30. There was the issue of interest. It was not clear whether the interest was 10% per month. If that was the case, it would be usurious and against public policy. To this Court’s mind, what was admitted was Kshs.25,000/- by the 1st respondent and Kshs.31,000/- by the 2nd respondent. The rate applicable would be the usual court rate in suits as it was not proved that there was any contractual rate applicable.

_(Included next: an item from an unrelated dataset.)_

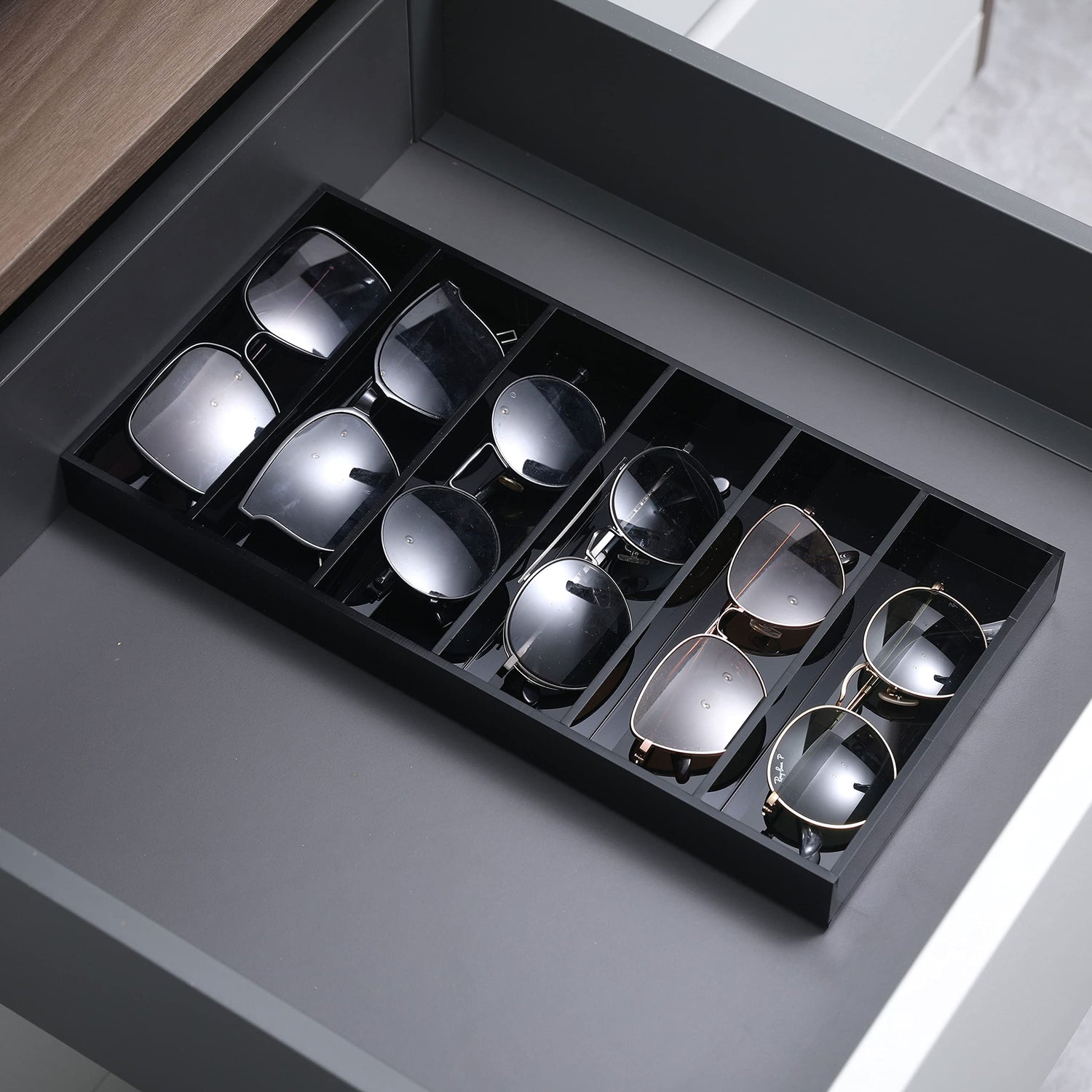 - 6 Individual Slots – Smart Structure for Efficient Storage Designed with 6 equal-sized compartments, this black glasses holder helps keep multiple items organized in one place. While it’s perfect for storing sunglasses, prescription glasses, or goggles (eyewear not included), it’s also a smart solution for separating jewelry, paper clips, cosmetics, or other small essentials without clutter

31. There was doubt as to the circumstances the agreement to repay Kshs.129,456/- was entered into at the Chief’s camp. There was no consideration on the part of the 1st respondent to shoulder the entire debt together with additional charges. That claim has no basis. Why was he to shoulder the 2nd respondents debt? It was not clear and it cannot stand.
32. As regards the respondents’ claim that the group held their dividends, there was no counterclaim in their defence. They had made no demand for the same. They are at liberty to do so but they cannot be allowed to take other peoples monies and disappear into thin air. That won’t do. They should have made a counterclaim if they intended to have it set off.
33. Accordingly, I allow the appeal. I set aside the judgment of the trial Court. I allow the suit before the trial Court as follows: -
a. Judgment is entered for the appellants against the 1st respondent for Kshs.25,000/- together with interest thereon at Court rate from the date of filing suit until payment in full.
b. Judgment for the appellants against the 2nd respondent for Kshs.31,000/- together with interest thereon at Court rate from the date of filing suit until payment in full.
c. I award the costs of the appeal and trial Court to the appellants.
DATEDand DELIVEREDat Meru this 14th day of April, 2020.